### What the exercise asks
What is needed is an exact copy of the listing, with no pictures in it.

### Given information
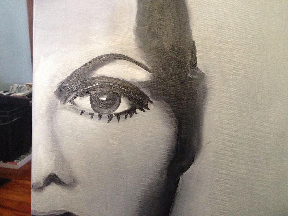 Step one is always priming your canvas with a mixture of liquid white and black. This will help you blend as you create.
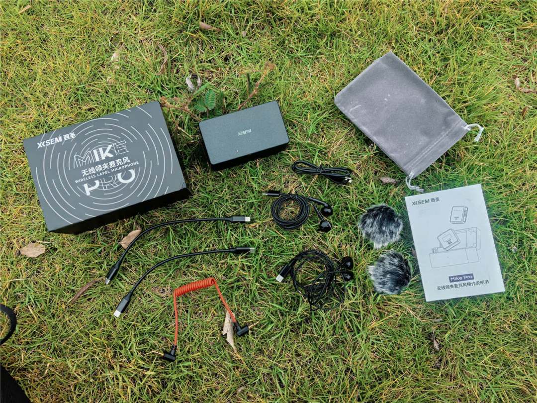 一、支持性兼容全面配件的支持是否全面,是一件产品比较核心的一环,西圣Mike Pro所配带的支持性配件相当齐全。除了麦克风的主要部分(充电仓、一个接收器和两枚收音麦克风)。其配件包括两只专业的防风罩、充电线、两副监听耳机、相机转接线、专用的苹果手机转接线、C口转接线、收纳包以及使用说明书,可以说是完美兼容支持时下的主流摄影设备、手机、电脑及各类多媒体设备。
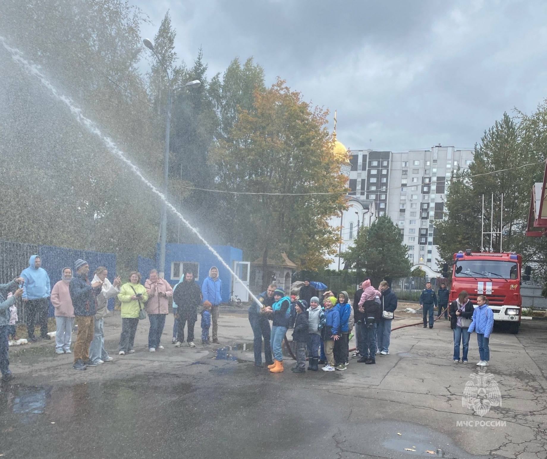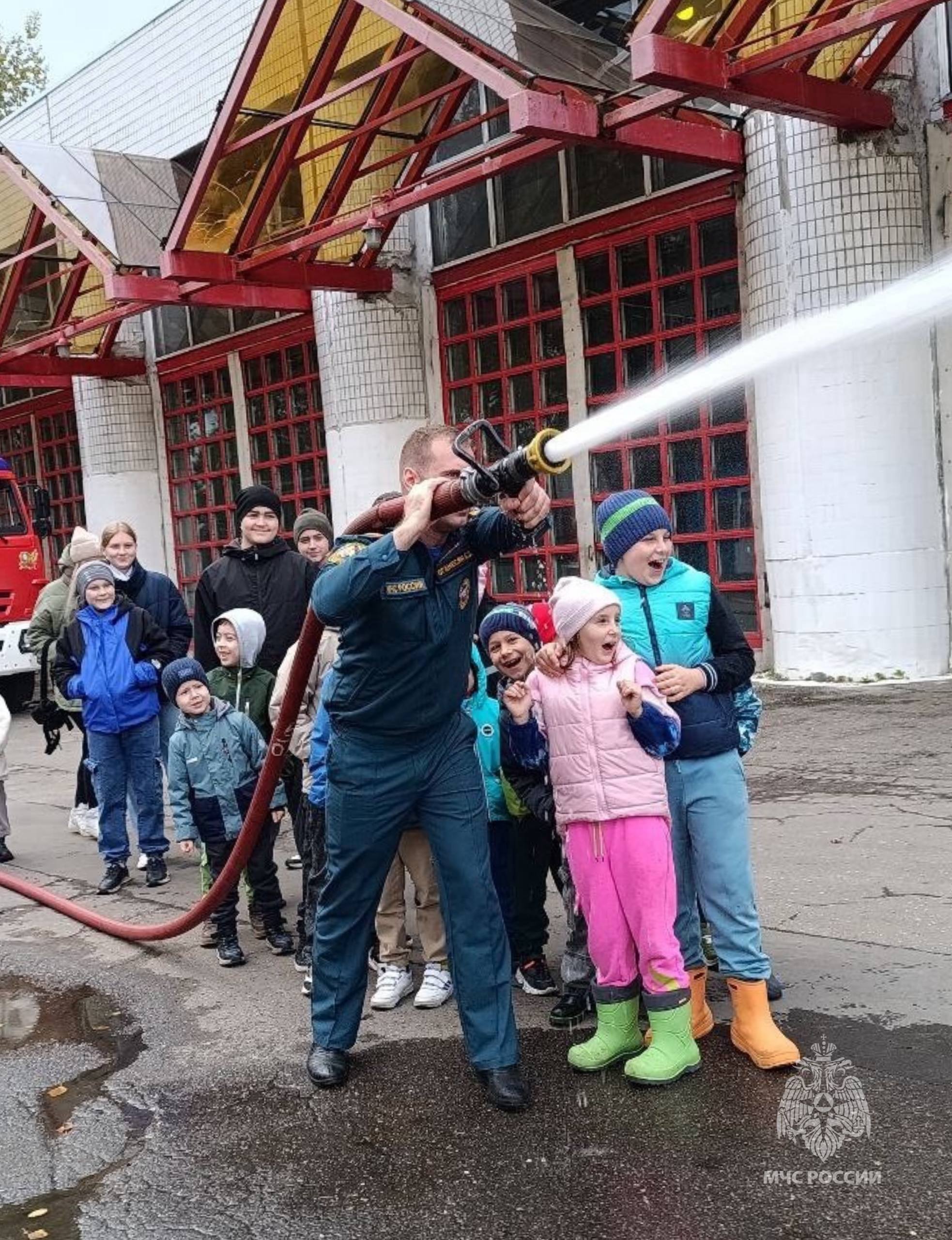 Также под контролем специалистов МЧС России дети попробовали подать воду из пожарного рукава.
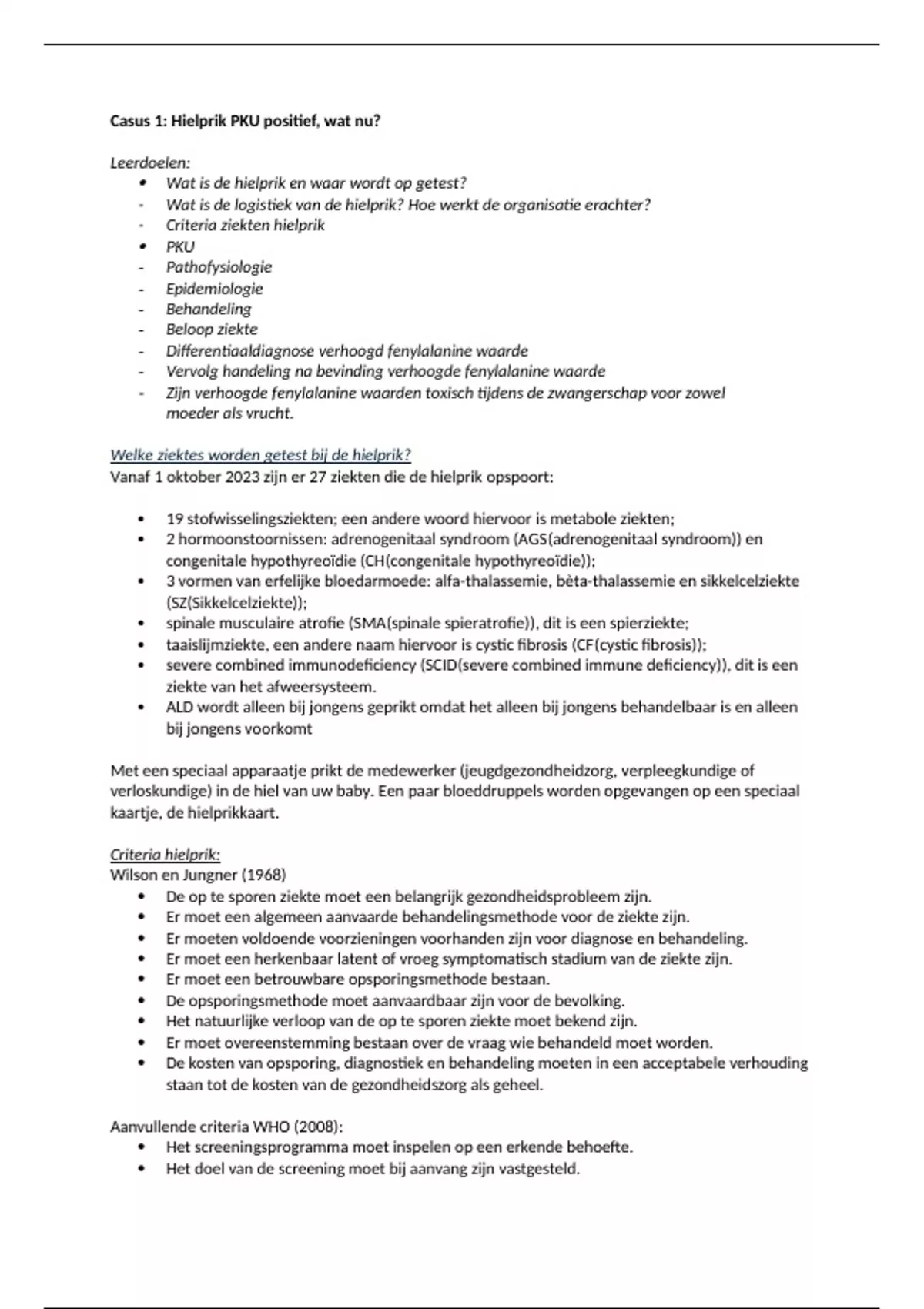 - Criteria ziekten hielprik

### Answer
 Step one is always priming your canvas with a mixture of liquid white and black. This will help you blend as you create.
 一、支持性兼容全面配件的支持是否全面,是一件产品比较核心的一环,西圣Mike Pro所配带的支持性配件相当齐全。除了麦克风的主要部分(充电仓、一个接收器和两枚收音麦克风)。其配件包括两只专业的防风罩、充电线、两副监听耳机、相机转接线、专用的苹果手机转接线、C口转接线、收纳包以及使用说明书,可以说是完美兼容支持时下的主流摄影设备、手机、电脑及各类多媒体设备。
 Также под контролем специалистов МЧС России дети попробовали подать воду из пожарного рукава.
 - Criteria ziekten hielprik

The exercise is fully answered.